● What the task requires
Write all of the entries out again exactly, but not the images.

(Entries taken from a collection)
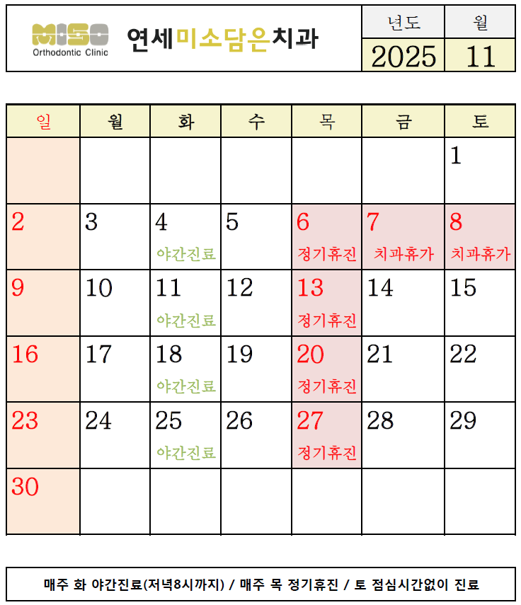 11월 진료시간안내 및 11월6일(목)-8일(토) 휴진 안내
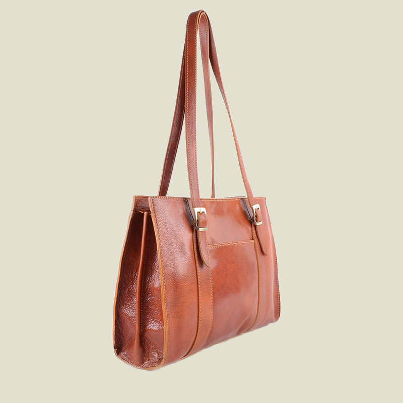 Stevige lederen handtas die sluit met een rits. Binnenin de tas zijn drie vakken, waarvan de middelste met rits. De tas heeft een lang handvat en op de voorzijde zit nog een klein vakje zonder sluiting,
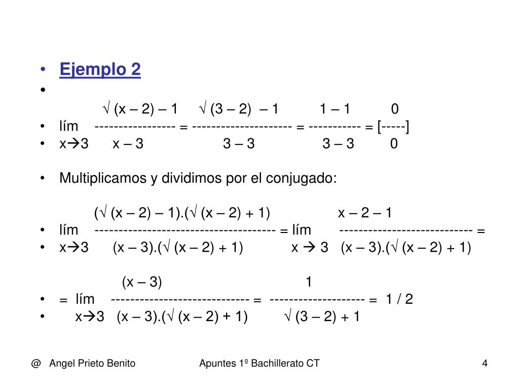 Ejemplo 2 √ (x – 2) – 1 √ (3 – 2) – 1 1 – 1 0 • lím ‑‑‑‑‑‑‑---------- = --------------------- = ----------- = [-----] • x3 x – 3 3 – 3 3 – 3 0 • Multiplicamos y dividimos por el conjugado: (√ (x – 2) – 1).(√ (x – 2) + 1) x – 2 – 1 • lím ‑‑‑‑‑‑‑------------------------------- = lím ---------------------------- = • x3 (x – 3).(√ (x – 2) + 1) x 3 (x – 3).(√ (x – 2) + 1) (x – 3) 1 • = lím ‑‑‑‑‑‑‑---------------------- = -------------------- = 1 / 2 • x3 (x – 3).(√ (x – 2) + 1) √ (3 – 2) + 1 Apuntes 1º Bachillerato CT
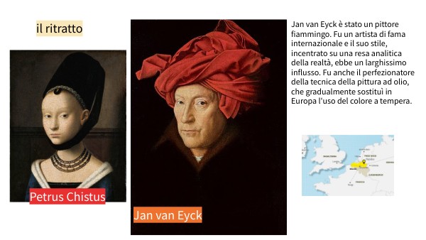 Jan van Eyck è stato un pittore fiammingo. Fu un artista di fama internazionale e il suo stile, incentrato su una resa analitica della realtà, ebbe un larghissimo influsso. Fu anche il perfezionatore della tecnica della pittura ad olio, che gradualmente sostituì in Europa l'uso del colore a tempera.
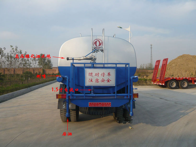 - 灑水車后灑功能:后灑一般適用于工程路面灑水,如新修的公路為防止路面干燥速度過快,造成炸裂現象,通常用在新修的路面上鋪設遮蓋物,并定時灑水車,以保持新路面的濕潤。
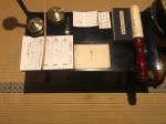 Eigenlijk is het allemaal ook wel lekker eenvoudig. Er kan niets op slot maar als je ergens sloffen voor de deur ziet staan is er dus iemand. Op blote voeten lopen doe je niet, alleen op de tatami matten in de kamers. Zo blijft alles lekker schoon. Deze sloffen regel geldt voor de toilet (want daar heb je de toilet sloffen) maar ook voor de badkamer, de slaapkamer, de eetkamer, eigenlijk overal. Schoenen laat je sowieso buiten, ik had ze de eerste avond ergens op de trap bij de hoofdingang laten staan en was ze dus de volgende dag kwijt. Ik heb het halve klooster afgespeurd en net toen ik ongerust begon te worden (het zal toch niet…, nee, niet hier…) wees een voorbijkomende monnik op een kast. En ja, daar stonden ze dus. Je moet het even weten. Of goed kijken want er hing een bordje.

● Solution to this problem
 11월 진료시간안내 및 11월6일(목)-8일(토) 휴진 안내
 Stevige lederen handtas die sluit met een rits. Binnenin de tas zijn drie vakken, waarvan de middelste met rits. De tas heeft een lang handvat en op de voorzijde zit nog een klein vakje zonder sluiting,
 Ejemplo 2 √ (x – 2) – 1 √ (3 – 2) – 1 1 – 1 0 • lím ‑‑‑‑‑‑‑---------- = --------------------- = ----------- = [-----] • x3 x – 3 3 – 3 3 – 3 0 • Multiplicamos y dividimos por el conjugado: (√ (x – 2) – 1).(√ (x – 2) + 1) x – 2 – 1 • lím ‑‑‑‑‑‑‑------------------------------- = lím ---------------------------- = • x3 (x – 3).(√ (x – 2) + 1) x 3 (x – 3).(√ (x – 2) + 1) (x – 3) 1 • = lím ‑‑‑‑‑‑‑---------------------- = -------------------- = 1 / 2 • x3 (x – 3).(√ (x – 2) + 1) √ (3 – 2) + 1 Apuntes 1º Bachillerato CT
 Jan van Eyck è stato un pittore fiammingo. Fu un artista di fama internazionale e il suo stile, incentrato su una resa analitica della realtà, ebbe un larghissimo influsso. Fu anche il perfezionatore della tecnica della pittura ad olio, che gradualmente sostituì in Europa l'uso del colore a tempera.
 - 灑水車后灑功能:后灑一般適用于工程路面灑水,如新修的公路為防止路面干燥速度過快,造成炸裂現象,通常用在新修的路面上鋪設遮蓋物,并定時灑水車,以保持新路面的濕潤。
 Eigenlijk is het allemaal ook wel lekker eenvoudig. Er kan niets op slot maar als je ergens sloffen voor de deur ziet staan is er dus iemand. Op blote voeten lopen doe je niet, alleen op de tatami matten in de kamers. Zo blijft alles lekker schoon. Deze sloffen regel geldt voor de toilet (want daar heb je de toilet sloffen) maar ook voor de badkamer, de slaapkamer, de eetkamer, eigenlijk overal. Schoenen laat je sowieso buiten, ik had ze de eerste avond ergens op de trap bij de hoofdingang laten staan en was ze dus de volgende dag kwijt. Ik heb het halve klooster afgespeurd en net toen ik ongerust begon te worden (het zal toch niet…, nee, niet hier…) wees een voorbijkomende monnik op een kast. En ja, daar stonden ze dus. Je moet het even weten. Of goed kijken want er hing een bordje.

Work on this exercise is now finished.